Il n'y aura aucun coût, au sens où ces règles n'entraîneront pas de dépenses. Certes, toutes les entreprises d'assurance seront tenues de constituer une marge de solvabilité obligatoire ou un stock de capital réglementaire d'un montant plus élevé. Mais la plupart d'entre elles disposent déjà de plusieurs fois le minimum nécessaire, de sorte qu'il n'y aura aucun problème dans la grande majorité des cas. Le relèvement du fonds de garantie minimum pèsera cependant davantage sur les petites entreprises d'assurance.

Qu'arrivera-t-il aux petites entreprises d'assurance qui ne pourront pas respecter les nouvelles règles?

Au cours des travaux préparatoires de la directive, la Commission et les États membres ont spécialement étudié l'impact du relèvement du fonds de garantie minimum sur les PME d'assurance. Il est clair que certains petits assureurs, et particulièrement les petites mutuelles, auraient du mal à respecter les nouvelles règles si elles étaient appliquées immédiatement. Pour les aider, les propositions prévoient des périodes de transition généreuses (cinq ans), qui pourront être prolongées de deux ans sous certaines conditions.

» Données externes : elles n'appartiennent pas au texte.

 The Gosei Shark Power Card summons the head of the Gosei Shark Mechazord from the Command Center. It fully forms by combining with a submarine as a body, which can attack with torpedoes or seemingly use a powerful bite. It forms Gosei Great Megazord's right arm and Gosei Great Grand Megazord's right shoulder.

Elles permettent en outre expressément aux petites mutuelles de recourir à un certain nombre de mesures techniques spécifiques (comme d'imposer des cotisations supplémentaires à leurs affiliés), dont la mise en œuvre devra cependant être approuvée par les autorités nationales.

Les entreprises qui, malgré tout, seront incapables de satisfaire aux nouvelles exigences se verront retirer le "passeport unique" qui leur permet de vendre des produits d'assurance dans toute l'Union européenne comme dans l'Espace économique européen sur la base de l'agrément délivré dans leur État membre d'origine. Les très petits assureurs desservant un marché géographiquement limité pourront alors continuer à opérer à l'échelle locale ou régionale, sous le contrôle direct de leurs autorités de surveillance nationales, mais ils ne pourront plus opérer librement, au-delà des frontières nationales, dans l'Union européenne et dans l'Espace économique européen.

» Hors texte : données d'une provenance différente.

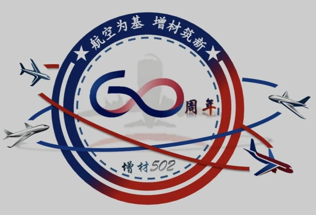 设计元素:圆形轮廓、飞机及轨迹线、“60周年”(形似无穷符号)、“航空为基,增材筑新”文字、“增材502”标识。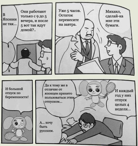 Помимо отпуска по болезни и ежегодного отпуска у русских есть отпуск по беременности и родам. Он, вообще, длится несколько лет, а женщины этим бессовестно пользуются, рожая детей одного за другим. Руководство страны потакает им и платит за второго ребенка 123 тысячи йен. Для русских это больше деньги.
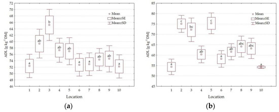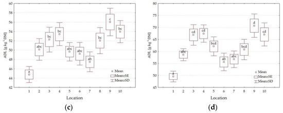 In the first year of the study, ADL content in plants ranged from 52.3 to 65.2 g·kg−1 DM on the first date and from 54.2 to 75.3 g·kg−1 DM on the second date of plant harvest. On the 1st date of harvest, significantly the highest content of this component was recorded in plants harvested from site 3, and the lowest from sites 1, 6, 7, and 10 (Figure 7a,b). In the second year of the study, the ADL content of the plants ranged from 44.8 to 56.0 g·kg−1 DM and 49.5 to 70.7 g·kg−1 DM on the first and 2nd dates of harvest, respectively. In that year (2022), on the first and second dates of the harvest, significantly the highest content of this component was recorded in plants harvested from site 9, and the lowest from site 1 (Figure 7a,b).

Maintenant que le Conseil et le Parlement ont adopté ses propositions améliorant les règles en vigueur en matière de marge de solvabilité (projet "solvabilité I"), pourquoi la Commission lance-t-elle son nouveau projet "solvabilité II"?

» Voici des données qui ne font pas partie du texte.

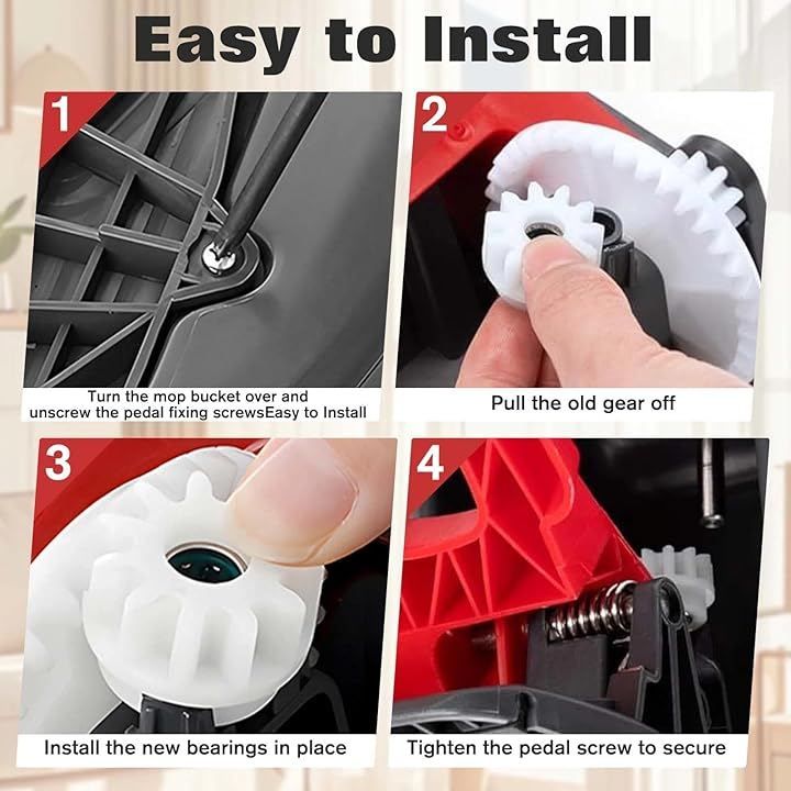 購入前に、ご使用の回転モップバケットの交換用ギアのサイズをよく確認してください

Les deux nouvelles directives ("solvabilité I") sont axées sur l'amélioration des règles de calcul de l'exigence de marge de solvabilité. Elles portent essentiellement sur un seul aspect, fût-il important, de la situation financière des entreprises d'assurance.

Or, la situation financière générale d'une entreprise d'assurance dépend également d'autres facteurs, notamment des règles concernant le calcul technique des engagements d'assurance et l'évaluation des actifs détenus pour couvrir ces engagements. L'évaluation de cette situation financière générale doit tenir compte aussi de l'adéquation entres actifs et engagements, de la solidité et de la nature des traités de réassurance, ainsi que des implications des politiques comptables et actuarielles adoptées. Tout cela soulève un grand nombre de questions complexes requérant une ample réflexion.

Quand le projet "solvabilité II" sera-t-il achevé?

Compte tenu de la multiplicité des facteurs à prendre en considération, "solvabilité II" est un vaste projet. Il devrait aussi subir l'influence des changements qui interviendront dans des domaines connexes, comme l'évolution du cadre comptable international et l'établissement d'un dispositif communautaire de surveillance prudentielle des entreprises de réassurance. Vu son ampleur et la variété des sujets qu'il couvre, le projet "solvabilité II" s'étalera au moins sur plusieurs années. La Commission et les États membres ont déjà entamé leurs travaux, en étroite collaboration avec le secteur de l'assurance.

Quel est l'objectif du projet "solvabilité II"?

L'objectif de base consistera à mieux adapter les exigences de solvabilité aux risques effectivement assumés par les entreprises d'assurance et à encourager celles-ci à mieux évaluer et contrôler ces risques. En cela, les objectifs de "solvabilité II" épousent ceux de la révision de l'Accord sur les fonds propres des banques, entreprise par le comité de Bâle. À l'issue du projet, la Commission appréciera s'il convient ou non de présenter de nouvelles propositions de directive visant à améliorer encore les règles prudentielles applicables aux entreprises d'assurance.